* YOUR INSTRUCTIONS
Pictures in the records below must be left out. Return exactly the lines from the line with "W dniu 03.03.2026" to the line with "電力工人開展夜間紅外測溫工作,確保德寶直流穩(wěn)定運行。(受訪者供圖)", both included.

* INPUT DATA
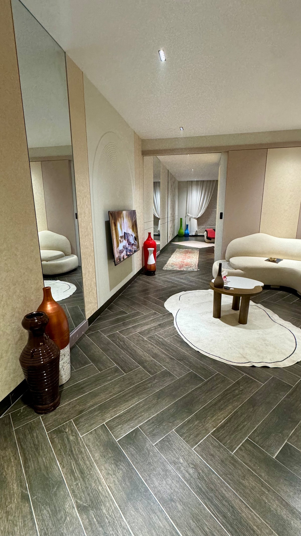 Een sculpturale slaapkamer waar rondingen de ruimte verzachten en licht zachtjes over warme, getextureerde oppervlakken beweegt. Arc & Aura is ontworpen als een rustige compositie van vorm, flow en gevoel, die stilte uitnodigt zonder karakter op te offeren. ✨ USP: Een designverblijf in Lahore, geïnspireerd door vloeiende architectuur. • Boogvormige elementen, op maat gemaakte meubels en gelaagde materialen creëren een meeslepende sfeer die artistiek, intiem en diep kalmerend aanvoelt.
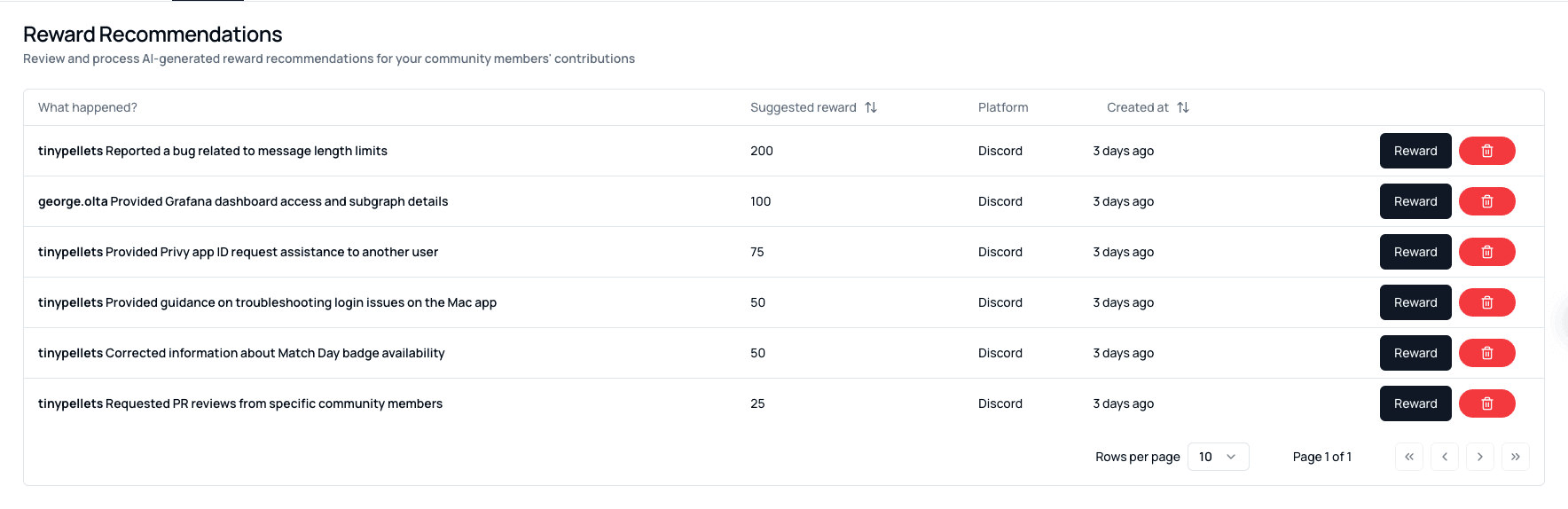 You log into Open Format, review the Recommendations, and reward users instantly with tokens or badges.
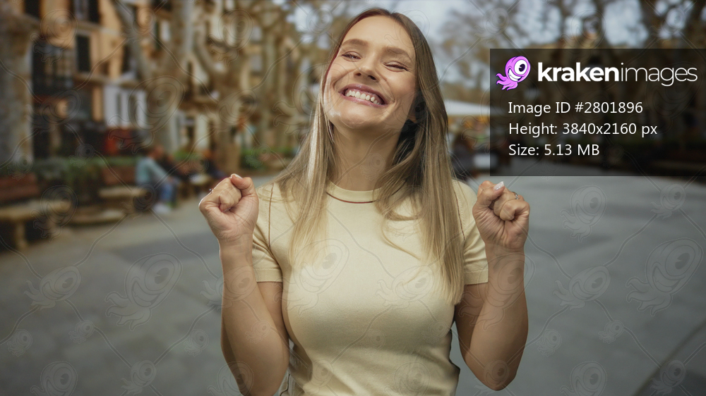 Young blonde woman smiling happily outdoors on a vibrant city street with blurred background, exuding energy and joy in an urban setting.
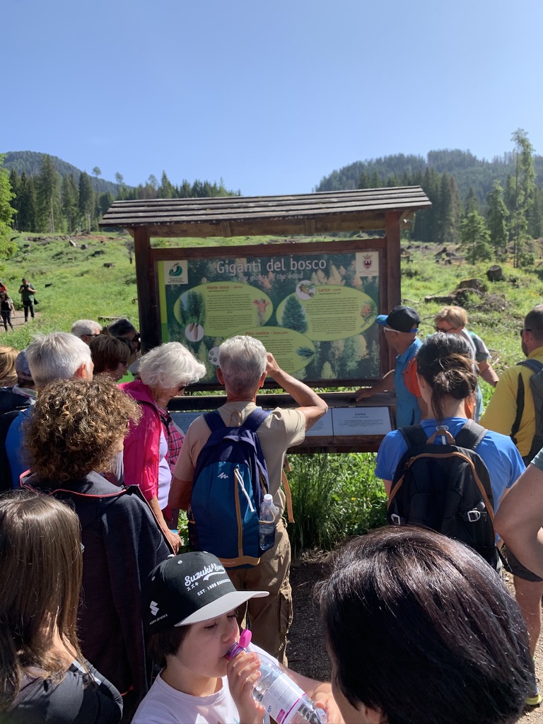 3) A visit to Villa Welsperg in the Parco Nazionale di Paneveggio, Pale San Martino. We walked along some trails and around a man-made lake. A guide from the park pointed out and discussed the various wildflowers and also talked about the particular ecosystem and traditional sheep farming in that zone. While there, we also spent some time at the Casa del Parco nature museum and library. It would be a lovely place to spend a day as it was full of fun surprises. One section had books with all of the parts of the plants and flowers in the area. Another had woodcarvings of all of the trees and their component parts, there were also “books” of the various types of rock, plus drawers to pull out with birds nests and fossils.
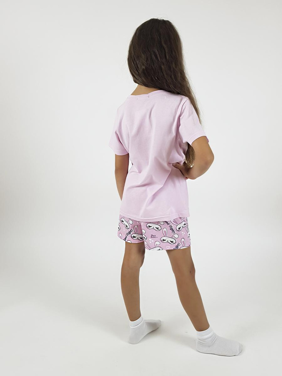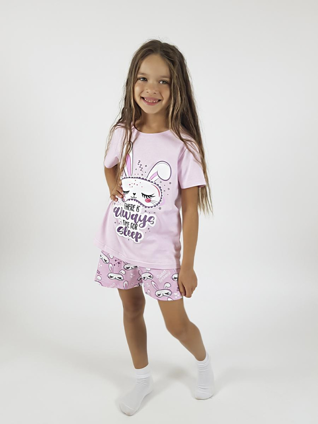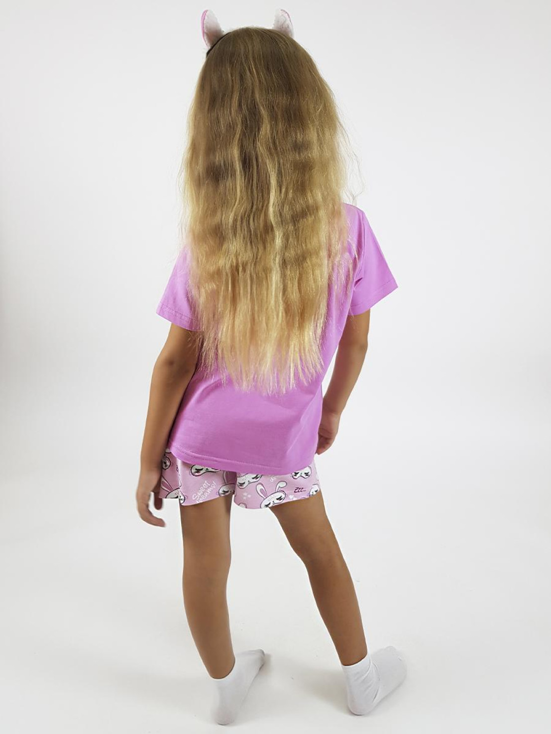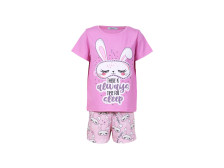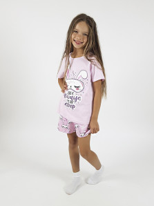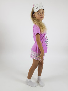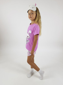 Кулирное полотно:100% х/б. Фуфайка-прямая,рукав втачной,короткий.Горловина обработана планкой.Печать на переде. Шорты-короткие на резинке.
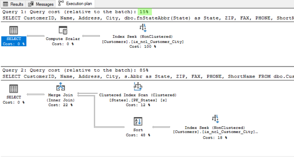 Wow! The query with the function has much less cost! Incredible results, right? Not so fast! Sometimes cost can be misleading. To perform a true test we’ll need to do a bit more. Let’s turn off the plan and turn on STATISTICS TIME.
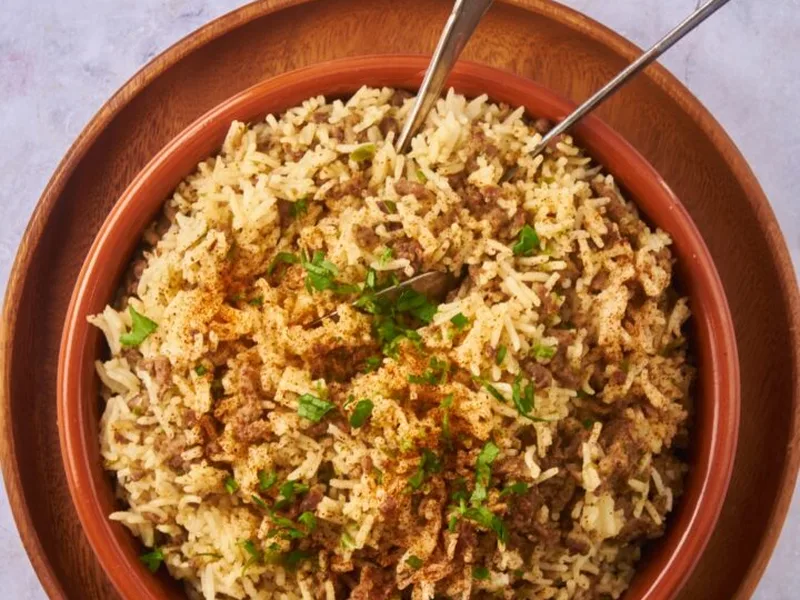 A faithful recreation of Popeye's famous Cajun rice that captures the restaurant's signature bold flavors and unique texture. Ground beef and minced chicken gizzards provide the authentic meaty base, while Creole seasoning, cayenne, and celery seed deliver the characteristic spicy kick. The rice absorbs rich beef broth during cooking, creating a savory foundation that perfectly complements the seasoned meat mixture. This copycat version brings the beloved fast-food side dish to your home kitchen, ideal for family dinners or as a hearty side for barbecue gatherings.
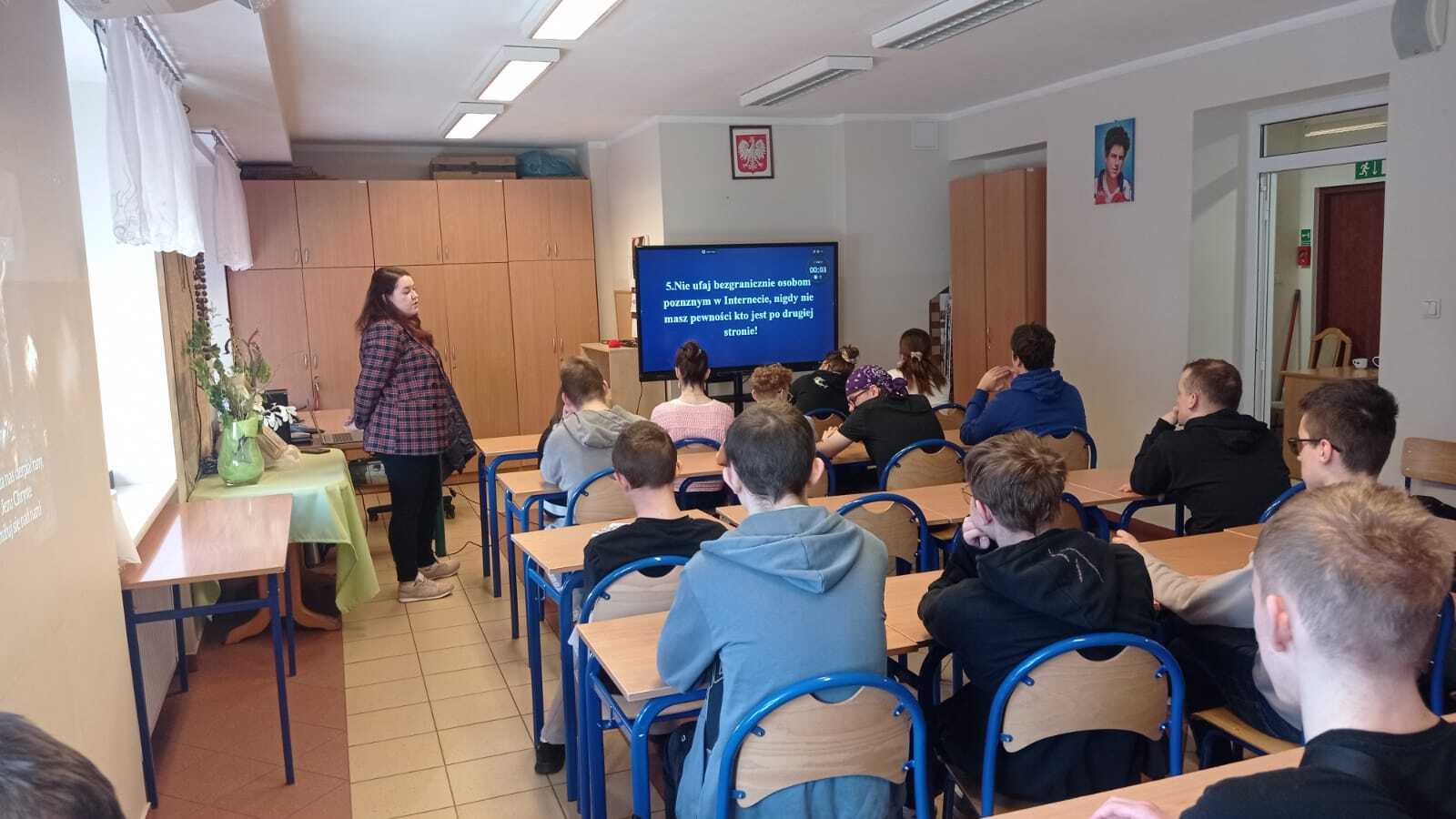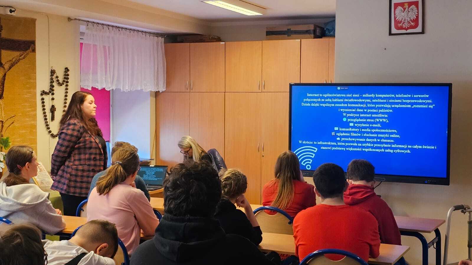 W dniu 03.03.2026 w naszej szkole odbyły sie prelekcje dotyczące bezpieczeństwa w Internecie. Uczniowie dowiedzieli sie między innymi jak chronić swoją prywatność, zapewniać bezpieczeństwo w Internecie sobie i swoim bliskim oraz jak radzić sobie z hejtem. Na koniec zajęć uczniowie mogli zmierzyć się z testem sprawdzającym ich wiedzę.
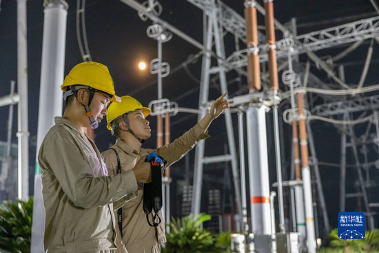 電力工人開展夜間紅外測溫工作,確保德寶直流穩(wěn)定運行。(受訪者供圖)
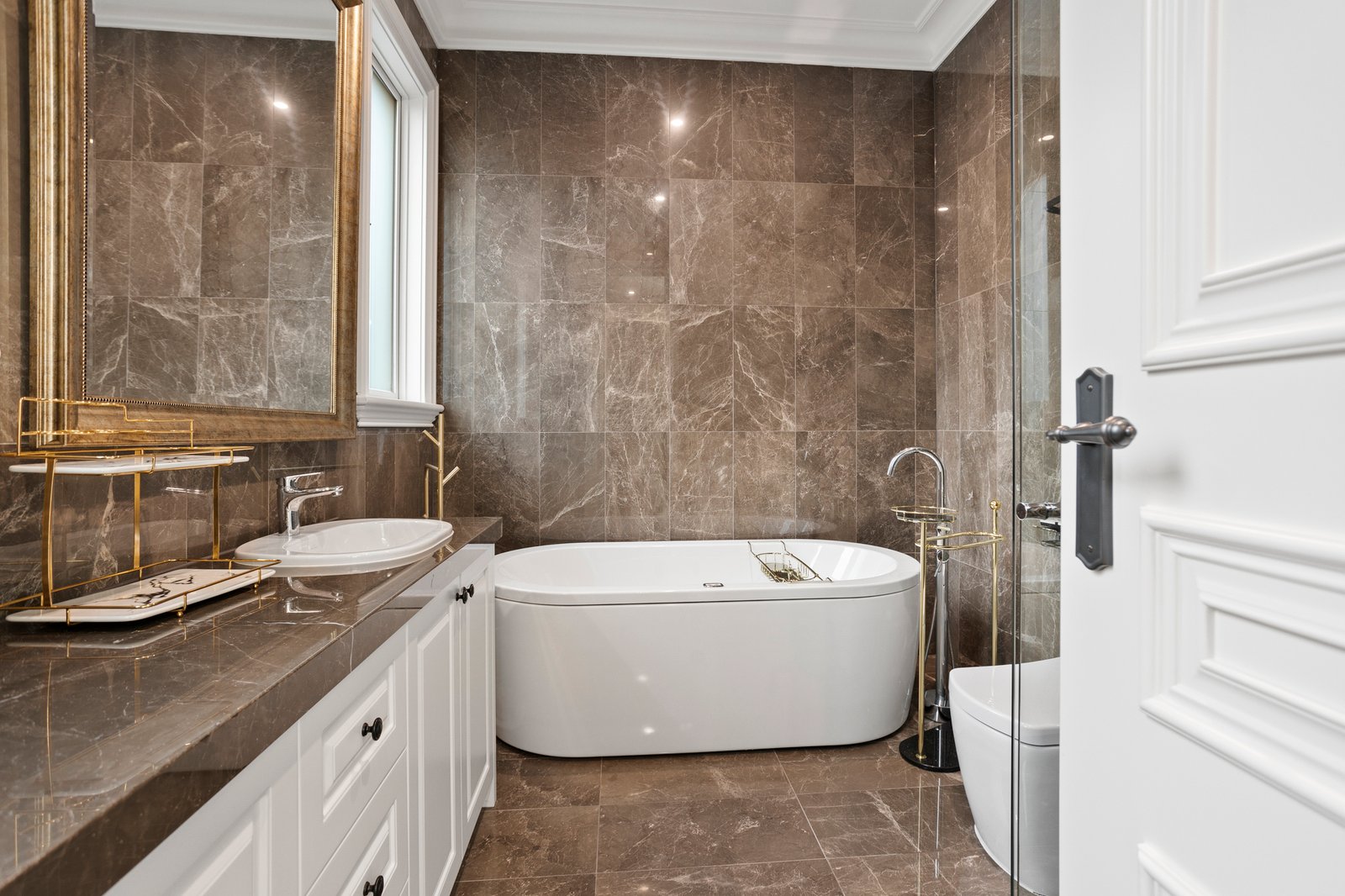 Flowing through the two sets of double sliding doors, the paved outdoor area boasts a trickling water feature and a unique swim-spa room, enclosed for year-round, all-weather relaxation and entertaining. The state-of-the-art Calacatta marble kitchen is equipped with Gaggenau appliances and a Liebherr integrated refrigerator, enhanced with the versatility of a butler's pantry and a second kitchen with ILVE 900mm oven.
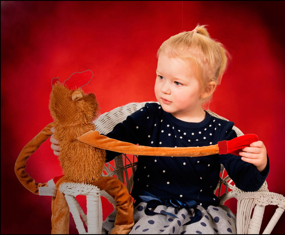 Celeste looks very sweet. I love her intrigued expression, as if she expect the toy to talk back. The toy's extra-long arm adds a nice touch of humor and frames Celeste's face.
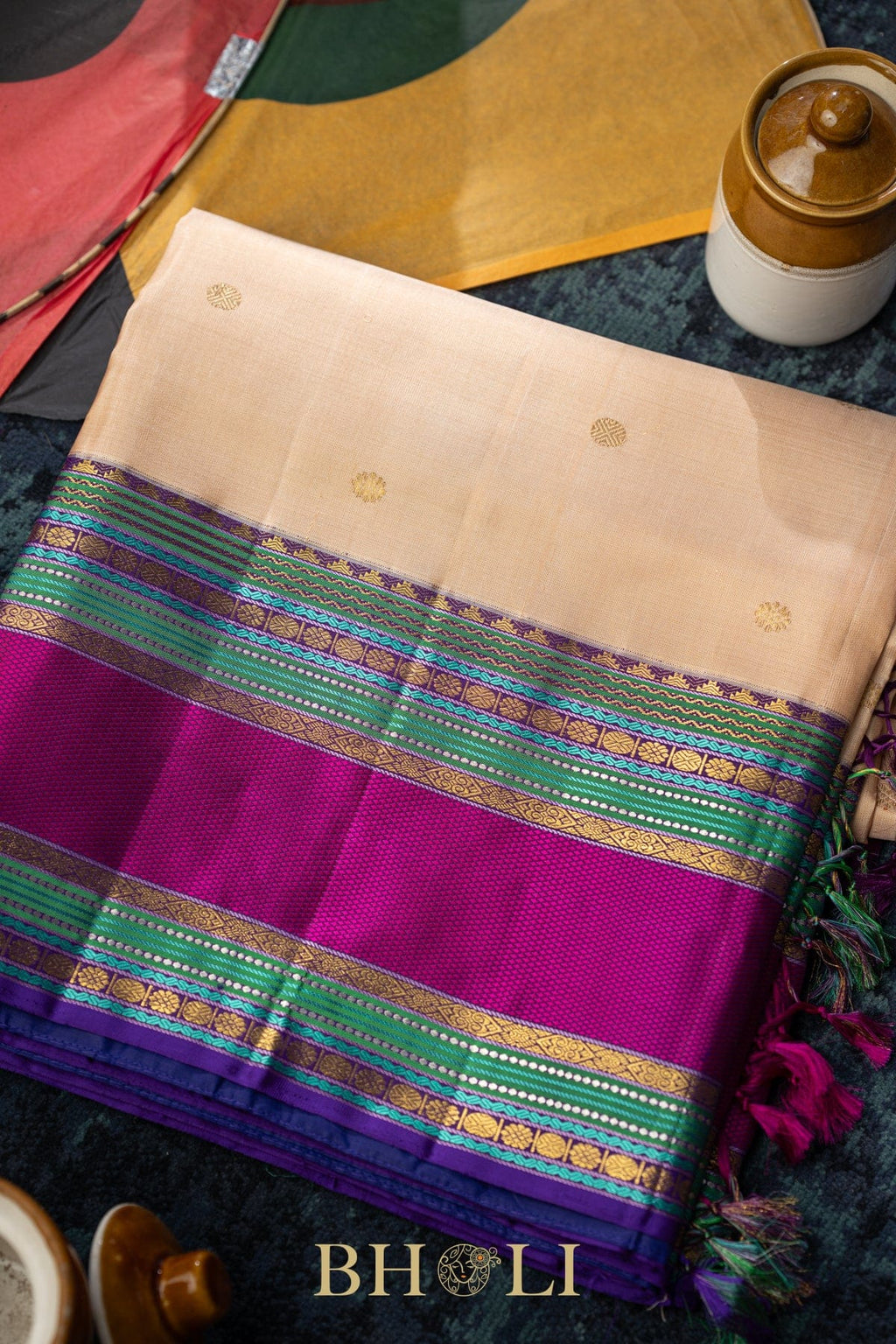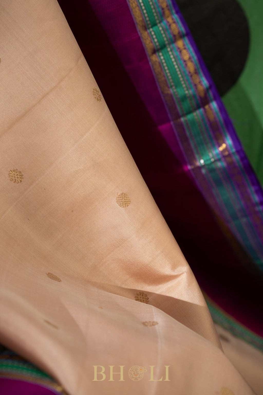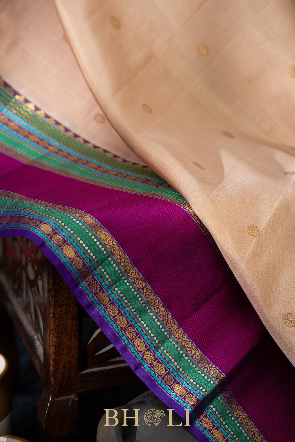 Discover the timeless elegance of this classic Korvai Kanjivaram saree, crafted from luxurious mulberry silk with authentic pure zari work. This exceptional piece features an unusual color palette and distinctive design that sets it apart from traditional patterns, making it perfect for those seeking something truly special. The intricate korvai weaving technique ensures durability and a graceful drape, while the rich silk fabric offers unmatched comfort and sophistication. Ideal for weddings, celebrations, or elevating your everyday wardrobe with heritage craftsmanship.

* WRITTEN RESPONSE
 W dniu 03.03.2026 w naszej szkole odbyły sie prelekcje dotyczące bezpieczeństwa w Internecie. Uczniowie dowiedzieli sie między innymi jak chronić swoją prywatność, zapewniać bezpieczeństwo w Internecie sobie i swoim bliskim oraz jak radzić sobie z hejtem. Na koniec zajęć uczniowie mogli zmierzyć się z testem sprawdzającym ich wiedzę.
 電力工人開展夜間紅外測溫工作,確保德寶直流穩(wěn)定運行。(受訪者供圖)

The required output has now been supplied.